Sustain the /n/ production and slide forward to theunvoiced “th” placement. The /n/ a nice, close approximation: just slide forward and down the contour of the top incisors; then add airflow. The slide helps to provide tactile guidance for the tongue as it moves. This slide, however, doesn’t work as well for the voiced “th.”
 
6. Sound Stim from an Interdental /t/
 
Produce a forward, against-the-edges-of-the-front-teeth mildly plosive /t/. Just the tongue moves and interacts; make sure it’s not jaw-driven. Then progressively over-aspirate the sound, sustain the airflow, and shape the tongue into a “th” placement.
 

Additional Techniques

7. Placement and Movement Practice: To and From the “Th” Placement
 
Once the “th” (either theunvoiced or voiced) is pretty consistent, add simulated oral movement. First, ask him to place his lips, tongue and jaw into the good resting position (lips are closed, the tongue is up, and the jaw is gently relaxed). Then, with eyes closed, ask him to focus and feel his tongue’s movement as it moves into the “th” placement, say the sound, then move back to the resting position. Practice this mini-movement several times over two weeks, at least.
 
8. Stabilize the Jaw
 
You need three small tongue depressors and scotch tape to make a bite-block. Stack the tongue depressors together and wrap the tape around the middle. To keep the jaw still, place one end of the taped tongue depressors between the top and bottom molars on one side; gently bite down. This keeps the jaw “busy” and creates a static oral environment for the tongue to maneuver and learn. Practice the “th” out-in movement, etc.
 
9. Restrict the Lower Lip
 
Some kids have a hard time letting go of the /f/ lip involvement while trying to learn the “th.” In some cases, the lip almost reflexively lifts to make contact with the teeth for /f/. This interferes with the independent horizontal tongue movement and subtle tongue-teeth contact for “th.”
 
You’ll need either a tongue depressor or a 10” piece of Rep Tubing (Amazon.com; the orange or the green). Use either of these (the Rep Tubing works best, however) to restrain the lower lip and keep it from elevating up to the top incisors. While he moves his tongue anteriorly-posteriorly and interacts with the top, front teeth, place the Rep Tubing horizontally across the surface of the bottom lip. Repeat, repeat, repeat. This is not a sound-stim technique. It’s a re-patterning of the oral movements.
 
10. Spatial Feedback: Make the Paper Flutter and Feel the Vibrations
 
For this one you need a small piece of plastic wrap or wax paper; not writing paper because you’re putting in the mouth.
 
Hold the paper taut in your fingers with both hands.
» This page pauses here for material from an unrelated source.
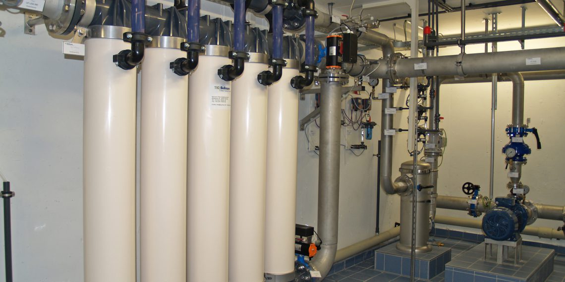Nach der Entsäuerung gelangt das Wasser zur Multibarriere: Sie besteht aus einer Ultrafiltrationsanlage (UF-Anlage) und einer UV-Anlage. Die Poren der UF-Membranen sind nur rund 0,02 µm groß — im Vergleich hierzu: ein Haar ist etwa 5.000 Mal dicker. Damit halten die Membranen selbst die kleinsten Partikel und auch mikrobiologische Belastungen wie Viren oder Bakterien nahezu vollständig zurück (99,999 Prozent). Die UF-Anlage besteht aus fünf Modulen mit jeweils 60 m² Membranfilterfläche. Jedes Modul kann bis zu fünf Kubikmeter Reinwasser pro Stunde produzieren. Dadurch ist auch bei nur vier intakten Modulen die maximale Aufbereitungsleistung von 20 m³/h gewährleistet. Diese Leistung entspricht der genehmigten stündlichen Rohwasserentnahmemenge aus dem Tiefbrunnen.

Open the jaw (about half way) and lower the tongue and place the paper on the surface of the front-tongue. Raise the jaw and place the tongue in the “th” placement, close to and barely touching the top incisors. Continue to hold the paper taut and say the unvoiced “th.” The paper will gently flutter. Then say the voiced “th;” the paper will gently vibrate. This helps to give feedback and establish the lingua-dental spatial distance.
 
Thanks so much for all the good things you do with your therapy-kids! Do know, you are appreciated.